The Earliest Illustrated Manuscripts in History

Community Scholars Talk:

The Earliest Illustrated Manuscripts in History: Reading and Writing the Ancient Egyptian Book

Thursday, July 12, 2018 7:00–8:00 p.m.
Prairie Trails Public Library, Burbank Illinois

http://events.uchicago.edu/…/showEventMore.rdo;jsessionid=E…

Discussions of the history of the “book” focus primarily on the Middle Ages, the development of printing, and the expansion into digital media. However, “books” had existed for thousands of years prior, knowledge of which is often limited because of the tendency to restrict scholarship on such ancient books to technical and specialist publications.
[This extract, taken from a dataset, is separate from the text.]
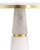 The Eleanora Drinks Table has a telescoping body composed of stacked alabaster segments that are separated by rings of brass. The disc of alabaster that forms the tabletop rests on a brass disc into which the top fits snugly, mimicking the thickness of the other rings. The base is a smaller alabaster disc that anchors the white stone table.

The result has been, until quite recently, a lopsided focus on the book in the “western” tradition, even though the invention of the “book” actually happened in the ancient Middle East and Egypt. The grand illuminations of Medieval manuscripts, while certainly worthy of the attention they have garnered, were long preceded by the illustrated manuscripts from ancient Egypt, developed at the beginning of the second millennium BC — the earliest texts in human history to be accompanied by images related directly to their content. This talk will focus on the birth of this illustrative tradition in order to reveal how these early manuscripts were made, what the illustrations meant, and how book production in ancient Egypt fits into more modern conceptions of the communications circuit through which the “lives” of books have been told.